Once we have the spliterator, we can use it to construct a parallel stream and sum the contents of the segment in parallel. Since the segment operated upon by the spliterator is shared, the segment can be accessed from multiple threads concurrently. The spliterator API ensures that access occurs in a regular fashion: It creates slices from the original segment and gives each slice to a thread to perform the desired computation, thus ensuring that no two threads can ever operate concurrently on the same memory region.
Shared segments can also be useful to perform serial confinement in cases where the thread handing off the segment does not know which other thread will continue the work on the segment, for instance:
// thread A
MemorySegment segment = MemorySegment.allocateNative(10); // confined by thread A
// do some work
segment = segment.withOwnerThread(null);
// thread B
segment.withOwnerThread(Thread.currentThread()); // now confined by thread B
// do some more work
Multiple threads can race to acquire a given shared segment, but the API ensures that only one of them will succeed in acquiring ownership of the shared segment.
Implicit deallocation
Memory segments feature deterministic deallocation but they can also be registered with a Cleaner
to make sure that the memory resources associated with a segment are released when the garbage collector determines that the segment is no longer reachable:
MemorySegment segment = MemorySegment.allocateNative(100);
Cleaner cleaner = Cleaner.create();
segment.registerCleaner(cleaner);
// do some work
segment = null; // Cleaner might reclaim the segment memory now
Registering a segment with a cleaner does not prevent clients from calling MemorySegment::close
explicitly.

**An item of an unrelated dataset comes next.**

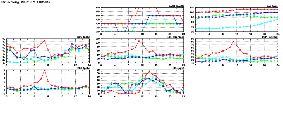 | Air Quality Data Time Series in Kwun Tong (2025/12/30) | ( Line colors: Day -3 Day -2 Day -1 Current day ) | 2D Map Current AQHI |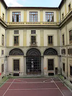 Originally, a convent, there were many houses belonging to various families, including the Martelli and Gori Ciampellis. On the side of Piazza San Marco it was the House of Medici. In 1557, the church and the annexed houses were granted to the Jesuits who erected the convent and enlarged the church. Once the Jesuits were suppressed, it was given to the Piarist Fathers who established their college there.[1] Without prejudice to the close link between this building and the nearby church of San Giovannino, it can be identified in particular as the date of origin of the current complex in 1554, when part of this area was granted by Cosimo I de' Medici to the Jesuits to found a college there. They entrusted the design to Bartolomeo Ammannati so that, even before the construction of the church, in 1579, part of the building could be considered defined. However, various obstacles did not allow the completion of the works which, having remained interrupted for many years, only resumed in 1620 based on a project by architect Giulio Parigi.

The API guarantees that the segment's cleanup action will be called at most once — either explicitly (by client code), or implicitly (by a cleaner). Since an unreachable segment cannot (by definition) be accessed by any thread, the cleaner can always release any memory resources associated with an unreachable segment regardless of whether it is a confined segment or a shared segment.
Alternatives
Keep using existing APIs such as java.nio.ByteBuffer
or sun.misc.Unsafe
or, worse, JNI.
Risks and Assumptions
Creating an API to access foreign memory in a way that is both safe and efficient is a daunting task. Since the spatial and temporal checks described in the previous sections need to be performed upon every access, it is crucial that JIT compilers be able to optimize away these checks by, e.g., hoisting them outside of hot loops. The JIT implementations will likely require some work to ensure that uses of the API are as efficient and optimizable as uses of existing APIs such as ByteBuffer
and Unsafe
.
Dependencies
The API described in this JEP will help the development of the native interoperation support that is a goal of Project Panama. This API can also be used to access non-volatile memory, already possible via JEP 352 (Non-Volatile Mapped Byte Buffers), in a more general and efficient way.